No entanto, vender os Boden 2015 implicará em um desconto por parte da Casa Rosada. Segundo o ministro, para cada US$ 100 de valor nominal, o governo pagará US$ 97. Os credores que optarem pelo prazo de pagamento original, em outubro, receberão US$ 107 para cada US$ 100.

Kicillof sustentou que "são bônus que vencem em outubro de 2015. Isto é para demonstrar que temos capacidade e vontade de pagamento. A Argentina, ao contrário do que dizem por aí, não está fora dos mercados. Os bancos de investimento querem comprar bônus da Argentina", disse Kicillof.

O governo Kirchner também anunciou que emitirá US$ 3,25 bilhões em títulos Bonar 24. Kicillof disse que os credores terão a alternativa a de trocar o Boden 2015 pela Bonar 24, que possui juros de 8,75% em dólares. Este bônus amortiza o capital entre 2019 e 2024. O plano do governo é conseguir o maior número de adesões, de forma a aliviar os pesados pagamentos relativos ao Boden 2015.

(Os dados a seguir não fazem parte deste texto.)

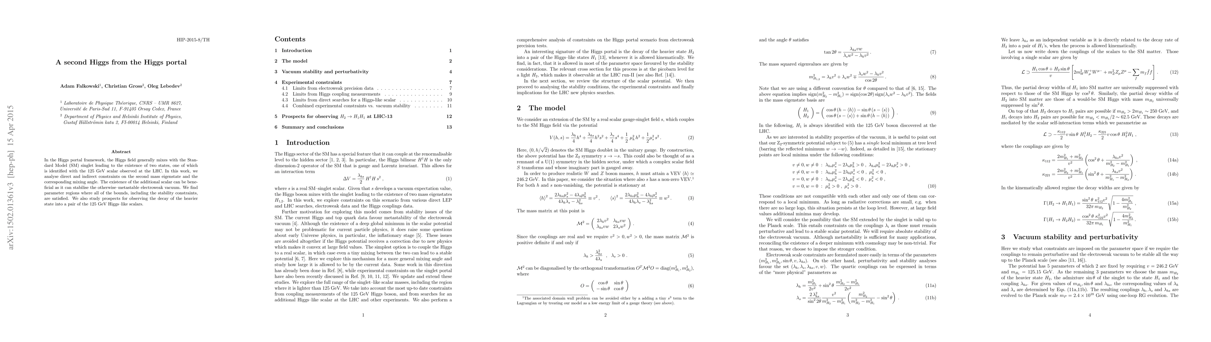 This paper explores the implications of a second Higgs state in the Higgs portal framework, analyzing constraints on its mass and mixing angle. It finds parameter regions where the additional scalar stabilizes the electroweak vacuum and discusses potential observational signatures, including its decay into pairs of the 125 GeV Higgs-like scalars.

Pagamentos. No ano que vem, o governo Kirchner terá de fazer uma série de pagamentos. Deve saldar débitos com o Clube de Paris, pela dívida que ficou em estado de calote entre 2001 e 2013, com a empresa espanhola Repsol, pela indenização relativa ao confisco da petrolífera YPF, com o Centro Internacional de Arbitragem sobre Diferendos em Investimentos (Ciadi). No total, o Estado argentino deverá pagar US$ 13,8 bilhões, o equivalente a 47% das reservas atuais do BC.

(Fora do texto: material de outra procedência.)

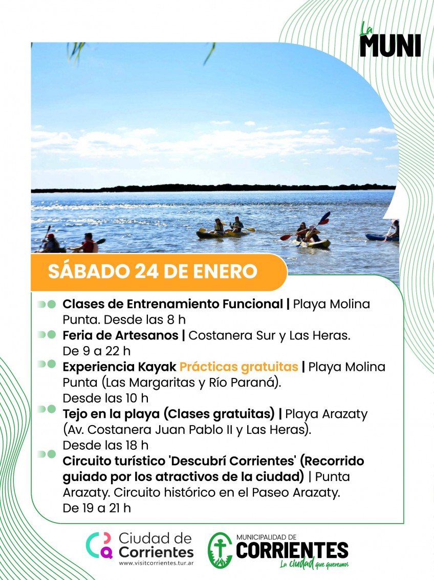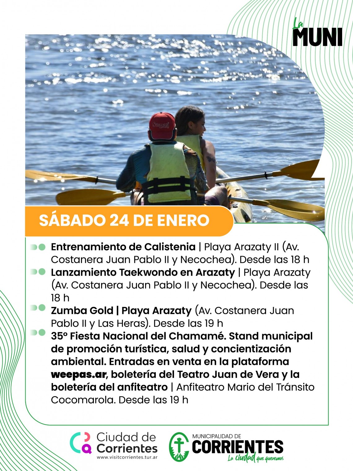 La Municipalidad de Corrientes propone para este fin de semana una amplia agenda de actividades gratuitas y abiertas a todo público, pensadas tanto para vecinos como para turistas. Del viernes 23 al domingo 25 de enero habrá ferias, circuitos turísticos, actividades deportivas en la playa y la continuidad de la 35° Fiesta Nacional del Chamamé, con presencia del stand municipal de promoción turística, salud y concientización ambiental.

A Argentina entrou em estado de calote parcial no dia 30 de julho, quando - por impedimento do juiz federal de Manhattan, Thomas Griesa - não conseguiu entregar os US$ 539 milhões relativos ao pagamento dos juros dos títulos dos credores reestruturados que possuem jurisdição nos Estados Unidos. Griesa havia determinado que, na hipótese de a Argentina não pagar o US$ 1,33 bilhão que os fundos abutres exigiam não poderia pagar os demais credores nos Estados Unidos. Em setembro o Parlamento argentino aprovou a lei mudou o lugar dos pagamentos dos bônus de Nova York para Buenos Aires, onde estariam sob a garantia da lei argentina. No entanto, o governo não seduziu os credores com a proposta, que terminou em fracasso.